[Task description]
The result should be an exact copy of the entries that follow, with no pictures included.

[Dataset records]
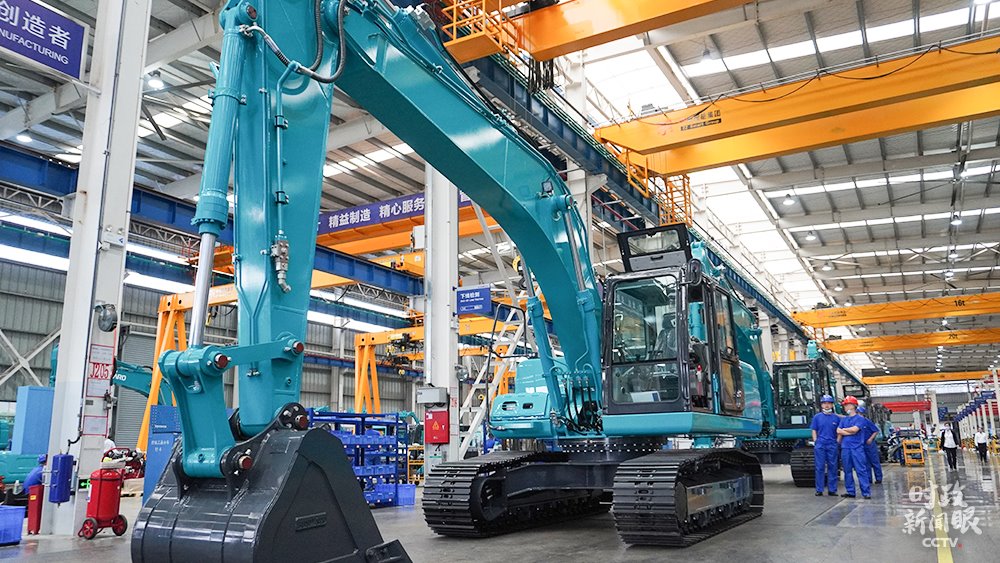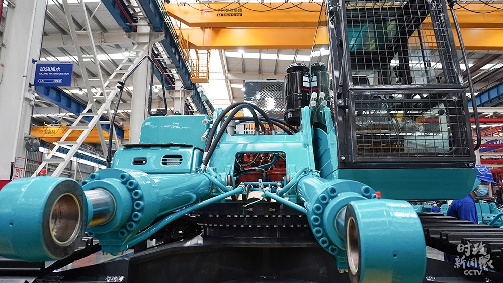 △山河智能生產(chǎn)車間組裝的大型挖掘機(jī),能適應(yīng)多種復(fù)雜地形作業(yè)。(總臺(tái)央視記者郭曉龍拍攝)
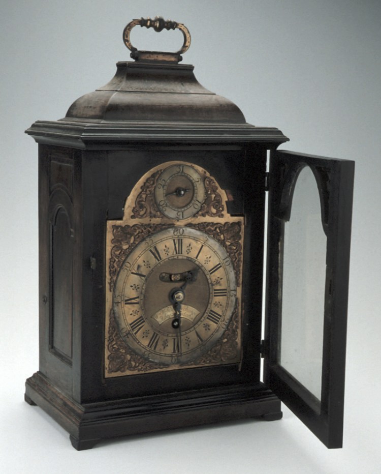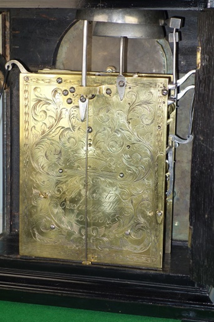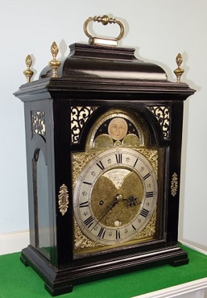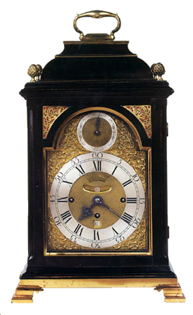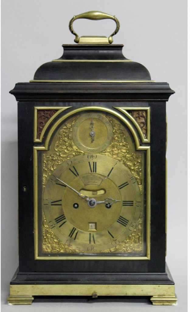 The first thing I wanted to do was to determine something about the clock itself. Who was the maker? When did he work? Would those facts support the provenance provided by the seller? The clock is a type of shelf clock commonly referred to as a “bracket” clock. These clocks have their roots in early hanging clocks, but took their more common form in the 17th and 18th centuries. This common form included often ornate designs, typically hardwood cases with burled finishes and molded bases. The dials of the clocks were engraved, often silvered, and sometimes included subsidiary dials as well. The dials were then surrounded with decorative cast spandrels.
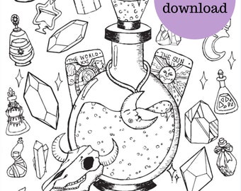 Witchy Coloring Pages Crystal Coloring Pages Printable Etsy
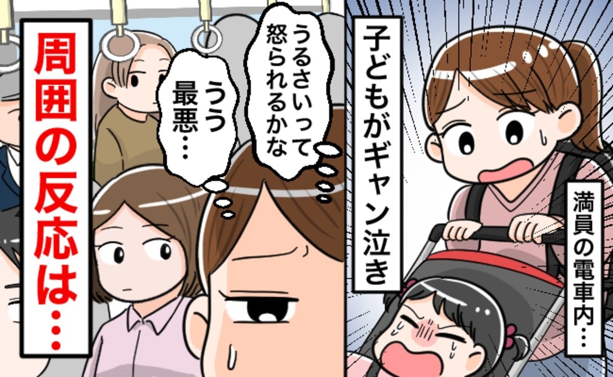 1歳半になる子どもを連れて満員電車に乗ったA子さん。どうか子どもがぐずりませんように!という願いもむなしく、最も恐れていた展開に。慣れない場所と多くの人に圧倒されてしまったのか、子どもはギャン泣きしてしまったのでした。
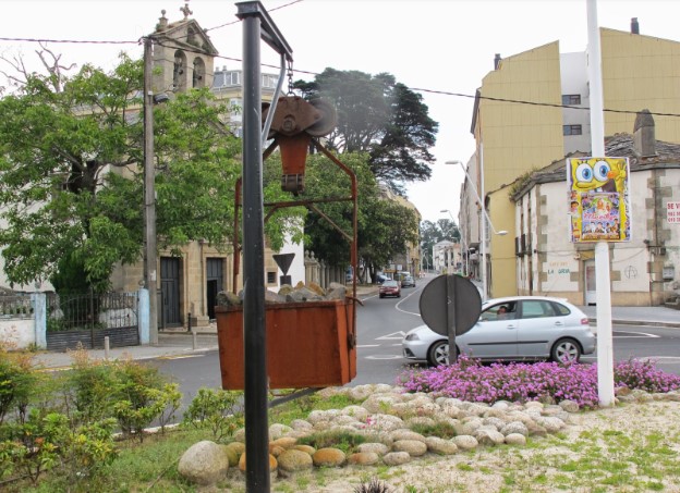 A la izquierda, columna de cable preservada del funicular entre Novo y Sierra. A la derecha, vagoneta Bleichert preservada en Viveiro (Lugo).
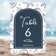 This All I Sea Is Love Dark Blue Seashells Table Number showcases a bold deep blue background filled with playful coastal doodles—seashells, starfish, hearts, sparkles, and waves. At the centre, a solid dark blue arch with a thin white inner outline frames the editable text beautifully. Inside, the phrase “All I Sea Is Love” sits at the top, followed by a customisable line for names, a simple seashell illustration, and the table number. Dramatic, elegant, and entirely editable, it suits nautical weddings, evening ocean themes, and deep-sea–inspired celebrations.

[Answer to the problem]
 △山河智能生產(chǎn)車間組裝的大型挖掘機(jī),能適應(yīng)多種復(fù)雜地形作業(yè)。(總臺(tái)央視記者郭曉龍拍攝)
 The first thing I wanted to do was to determine something about the clock itself. Who was the maker? When did he work? Would those facts support the provenance provided by the seller? The clock is a type of shelf clock commonly referred to as a “bracket” clock. These clocks have their roots in early hanging clocks, but took their more common form in the 17th and 18th centuries. This common form included often ornate designs, typically hardwood cases with burled finishes and molded bases. The dials of the clocks were engraved, often silvered, and sometimes included subsidiary dials as well. The dials were then surrounded with decorative cast spandrels.
 Witchy Coloring Pages Crystal Coloring Pages Printable Etsy
 1歳半になる子どもを連れて満員電車に乗ったA子さん。どうか子どもがぐずりませんように!という願いもむなしく、最も恐れていた展開に。慣れない場所と多くの人に圧倒されてしまったのか、子どもはギャン泣きしてしまったのでした。
 A la izquierda, columna de cable preservada del funicular entre Novo y Sierra. A la derecha, vagoneta Bleichert preservada en Viveiro (Lugo).
 This All I Sea Is Love Dark Blue Seashells Table Number showcases a bold deep blue background filled with playful coastal doodles—seashells, starfish, hearts, sparkles, and waves. At the centre, a solid dark blue arch with a thin white inner outline frames the editable text beautifully. Inside, the phrase “All I Sea Is Love” sits at the top, followed by a customisable line for names, a simple seashell illustration, and the table number. Dramatic, elegant, and entirely editable, it suits nautical weddings, evening ocean themes, and deep-sea–inspired celebrations.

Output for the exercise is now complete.